Actually, God has a habit of using things that are overlooked and underestimated for His glory. As you read through the Bible take note of this theme. Everyone thought Saul would be an amazing king because he looked the part, but David was overlooked because he was small, young, and a simply shepherd. Yet, Saul didn’t turn out to much and David—despite his faults—became a great king. God has a habit of using the overlooked and the underestimated for His glory.
Yet, we don’t really like that do we? Especially in the United States, we don’t like being considered overlooked and underestimated. We don’t like it when people look down on us. We don’t like it when people see us as weak and powerless. So, we put on a show. We want everyone to see us as powerful, beautiful, flashy, prestigious people.
We do this in the church as well. We don’t want anyone to look at our church and say, “Meh!” We worry that people may look at our church and think we’re just some small, weak church. We are tempted to try to put on our own show of power, beauty, flash, and prestige. We are tempted to try to do things so that the world won’t look down on us or overlook us or underestimate us. Yet, God has a tendency to use the overlooked and the underestimated for His glory.
This is why the Jews has such a hard time acknowledging Jesus as the Messiah. Isaiah says this about the Messiah: “He grew up before him like a tender shoot, and like a root out of dry ground. He had no beauty or majesty to attract us to him, nothing in his appearance that we should desire him.” (Isaiah 53:2, NIV). He was not beautiful. He was not majestic or powerful. There was nothing about him that would cause people to “oooh” and “ahhhh” over him. He was a plain-jane, boring—looking guy.

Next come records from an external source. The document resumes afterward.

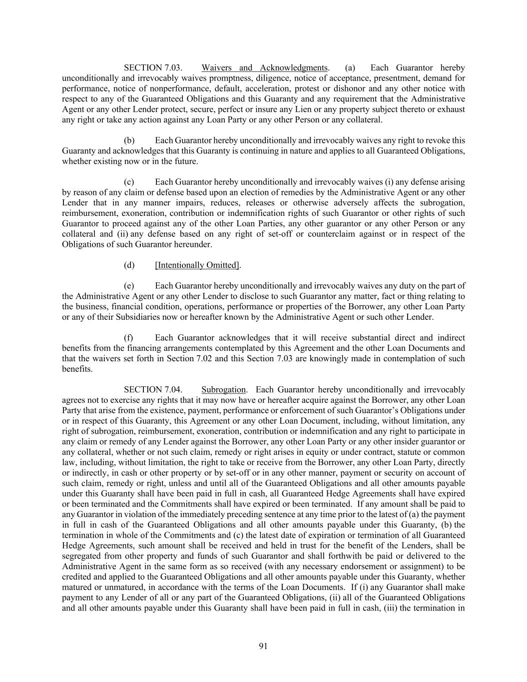91 SECTION 7.03. Waivers and Acknowledgments. (a) Each Guarantor hereby unconditionally and irrevocably waives promptness, diligence, notice of acceptance, presentment, demand for performance, notice of nonperformance, default, acceleration, protest or dishonor and any other notice with respect to any of the Guaranteed Obligations and this Guaranty and any requirement that the Administrative Agent or any other Lender protect, secure, perfect or insure any Lien or any property subject thereto or exhaust any right or take any action against any Loan Party or any other Person or any collateral. (b) Each Guarantor hereby unconditionally and irrevocably waives any right to revoke this Guaranty and acknowledges that this Guaranty is continuing in nature and applies to all Guaranteed Obligations, whether existing now or in the future. (c) Each Guarantor hereby unconditionally and irrevocably waives (i) any defense arising by reason of any claim or defense based upon an election of remedies by the Administrative Agent or any other Lender that in any manner impairs, reduces, releases or otherwise adversely affects the subrogation, reimbursement, exoneration, contribution or indemnification rights of such Guarantor or other rights of such Guarantor to proceed against any of the other Loan Parties, any other guarantor or any other Person or any collateral and (ii) any defense based on any right of set-off or counterclaim against or in respect of the Obligations of such Guarantor hereunder. (d) [Intentionally Omitted]. (e) Each Guarantor hereby unconditionally and irrevocably waives any duty on the part of the Administrative Agent or any other Lender to disclose to such Guarantor any matter, fact or thing relating to the business, financial condition, operations, performance or properties of the Borrower, any other Loan Party or any of their Subsidiaries now or hereafter known by the Administrative Agent or such other Lender. (f) Each Guarantor acknowledges that it will receive substantial direct and indirect benefits from the financing arrangements contemplated by this Agreement and the other Loan Documents and that the waivers set forth in Section 7.02 and this Section 7.03 are knowingly made in contemplation of such benefits. SECTION 7.04. Subrogation. Each Guarantor hereby unconditionally and irrevocably agrees not to exercise any rights that it may now have or hereafter acquire against the Borrower, any other Loan Party that arise from the existence, payment, performance or enforcement of such Guarantor’s Obligations under or in respect of this Guaranty, this Agreement or any other Loan Document, including, without limitation, any right of subrogation, reimbursement, exoneration, contribution or indemnification and any right to participate in any claim or remedy of any Lender against the Borrower, any other Loan Party or any other insider guarantor or any collateral, whether or not such claim, remedy or right arises in equity or under contract, statute or common law, including, without limitation, the right to take or receive from the Borrower, any other Loan Party, directly or indirectly, in cash or other property or by set-off or in any other manner, payment or security on account of such claim, remedy or right, unless and until all of the Guaranteed Obligations and all other amounts payable under this Guaranty shall have been paid in full in cash, all Guaranteed Hedge Agreements shall have expired or been terminated and the Commitments shall have expired or been terminated. If any amount shall be paid to any Guarantor in violation of the immediately preceding sentence at any time prior to the latest of (a) the payment in full in cash of the Guaranteed Obligations and all other amounts payable under this Guaranty, (b) the termination in whole of the Commitments and (c) the latest date of expiration or termination of all Guaranteed Hedge Agreements, such amount shall be received and held in trust for the benefit of the Lenders, shall be segregated from other property and funds of such Guarantor and shall forthwith be paid or delivered to the Administrative Agent in the same form as so received (with any necessary endorsement or assignment) to be credited and applied to the Guaranteed Obligations and all other amounts payable under this Guaranty, whether matured or unmatured, in accordance with the terms of the Loan Documents. If (i) any Guarantor shall make payment to any Lender of all or any part of the Guaranteed Obligations, (ii) all of the Guaranteed Obligations and all other amounts payable under this Guaranty shall have been paid in full in cash, (iii) the termination in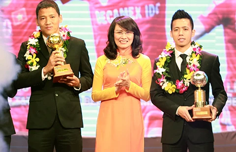 Anh Đức (trái) nhận giải Quả bóng vàng 2015. Ảnh: Xuân Huy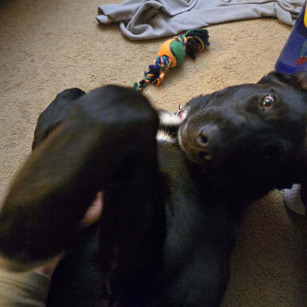 Milo originally came from one of our northern pounds, and while we don’t know much about his life before that, we did meet him at the task force spay/neuter clinic back in October so we know his age is right on the dot!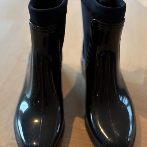 Tommy Hilfiger regnstøvler i størrelse 38. Støvlene er svarte og laget for å beskytte føttene mot fuktighet ved vått vær. Passer til bruk i regnvær og gjørmete forhold. De er størrelse 38 men de passer bare ikke på min fot så da selger eg de heller til en rimelig peng! Utrolig fine og passer til de fleste anledninger!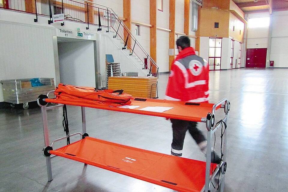 Das DRK hat die Federführung beim Aufbau in der Halle 6. Foto: Kegel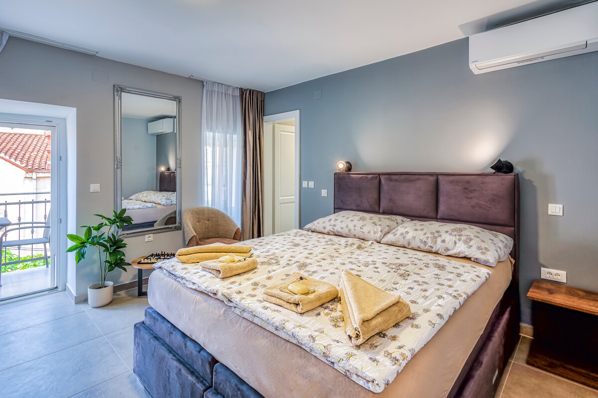公寓距離克爾克鎮(克爾克島)中心100公尺,距離海邊150公尺,距離海灘500公尺。 住宿配備:電視、暖氣、空調、網路、嬰兒床(事先安排)。價格包含所有費用。 寵物友善住宿-僅限事先安排(額外費用)。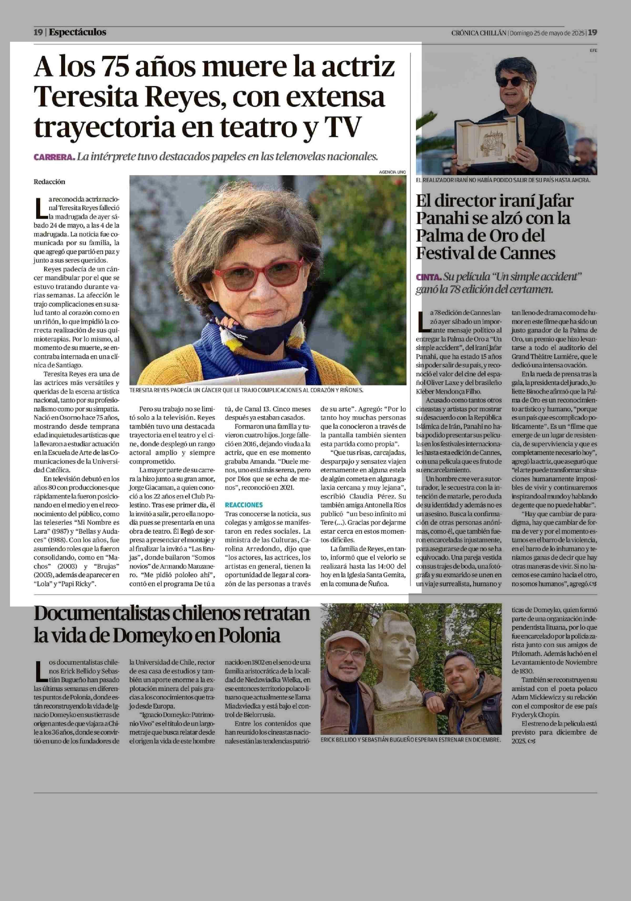 A los 75 años muere la actriz Teresita Reyes, con extensa trayectoria en teatro y TV 25-05-2025 Crónica de Chillán |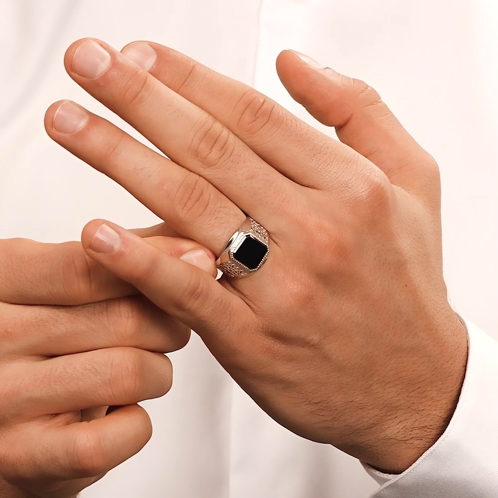 Это серебряное кольцо с фианитами - идеальный аксессуар для мужчин, подчеркивающий их статус и престиж. Изготовленное в России, оно весит 4.4 г и выполнено из серебра 925 пробы. Строгая геометрическая форма кольца гармонично сочетается с любым стилем одежды, будь то деловой костюм, фрак или спортивная одежда.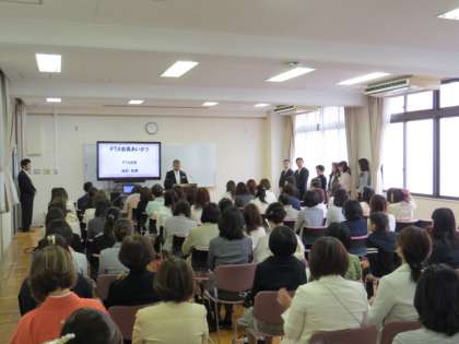 式後には1年所属の教員や、1年生に関わる教職員の紹介がありました。新入生が教室に移動した後、多目的室で保護者対象の説明会を行いました。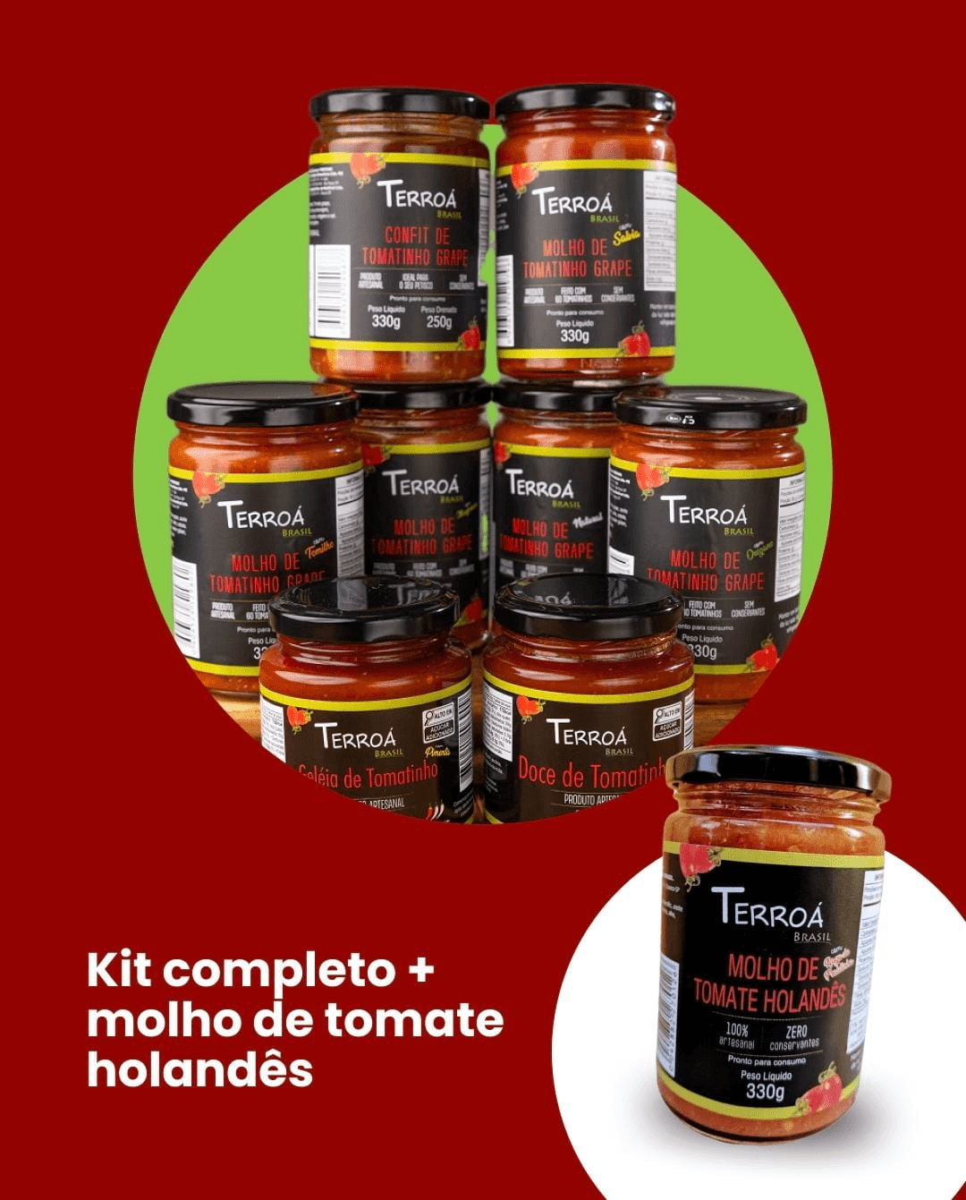 Kit completo Terroá são 9 produtos com tomates especiais, sem conservantes, que unem praticidade, saúde e muito sabor. Tudo o que você precisa para transformar sua cozinha com o melhor da nossa linha todos os dias.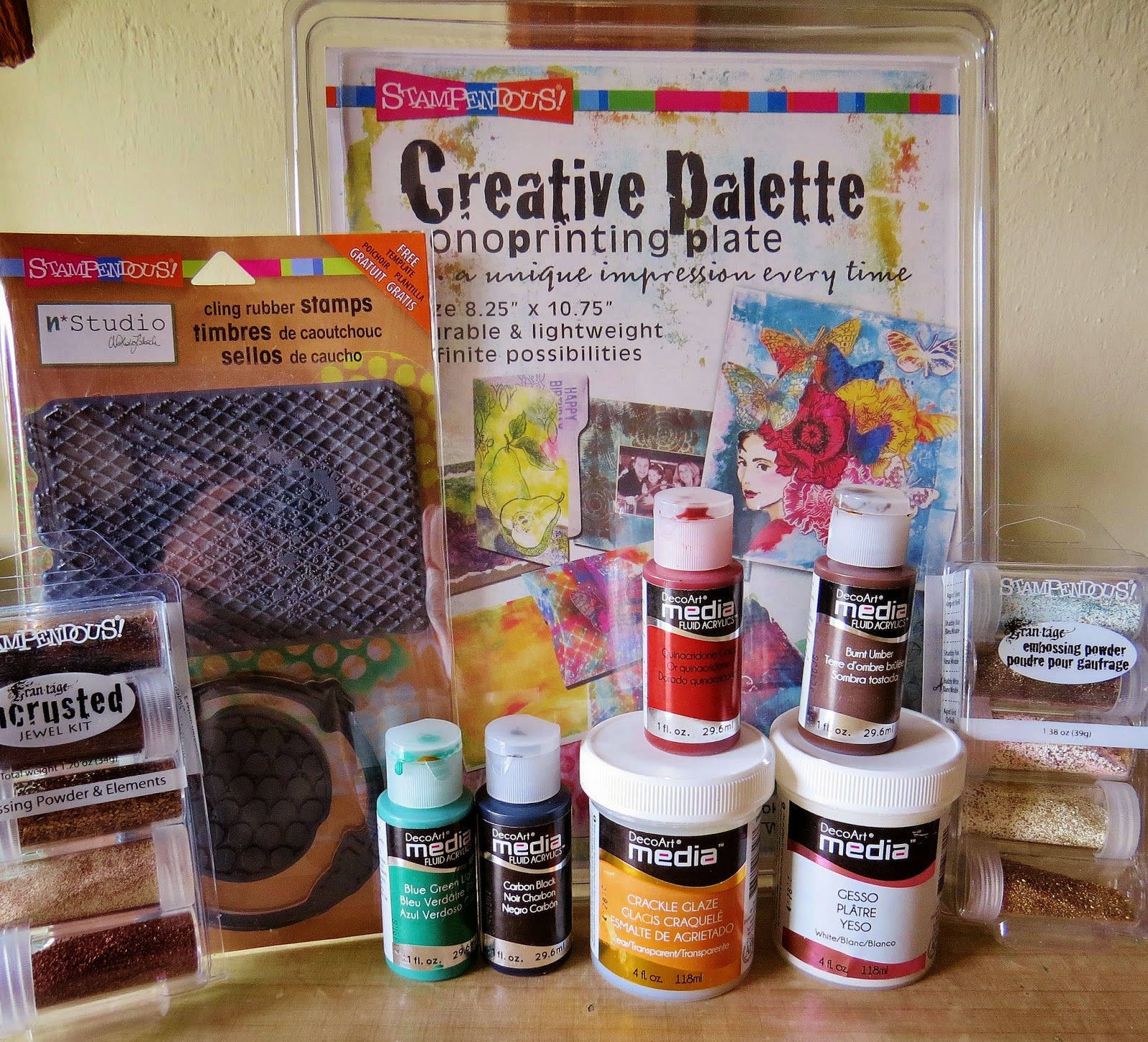 DecoArt creates so many fantastic paint products, our team was excited to try so many! We know you'll be stunned when you see what these great products add to your stamping! When you combine them with Princeton Artist Brushes and Catalyst Wedges used on the Stampendous Creative Palette, well WOW!

So, nobody believed he was who he said he was. They couldn’t believe that the Messiah would be so “Meh!” No way. The Messiah was supposed to be their Savior. He was supposed to come in and rescue them from the Romans. He was supposed to come in and bring them back into the Promised Land. He was supposed to be a super hero—big, strong, commanding presence, intimidating, powerful, prestigious, good-looking. Yet, when they say Jesus they didn’t see much.
Actually, this passage says that when they say Jesus, they considered him a ZERO—nothing. It says, “He was despised and rejected by men, a man of sorrows, and familiar with suffering. Like one from whom men hide their faces he was despised, and we esteemed him not.” (Isaiah 53:3, NIV). When it says “we esteemed him not,” it is using a term for making calculations. So, it is really saying that they looked at Jesus, and gave him a value of ZERO. He was NOTHING. So, they despised Him and rejected Him. They hid their faces from him—not because they were ashamed of him, but to shun him. They hid their faces from him as a way of telling Him they didn’t think he was worthy of their time and energy. Remember, they considered him a NOTHING.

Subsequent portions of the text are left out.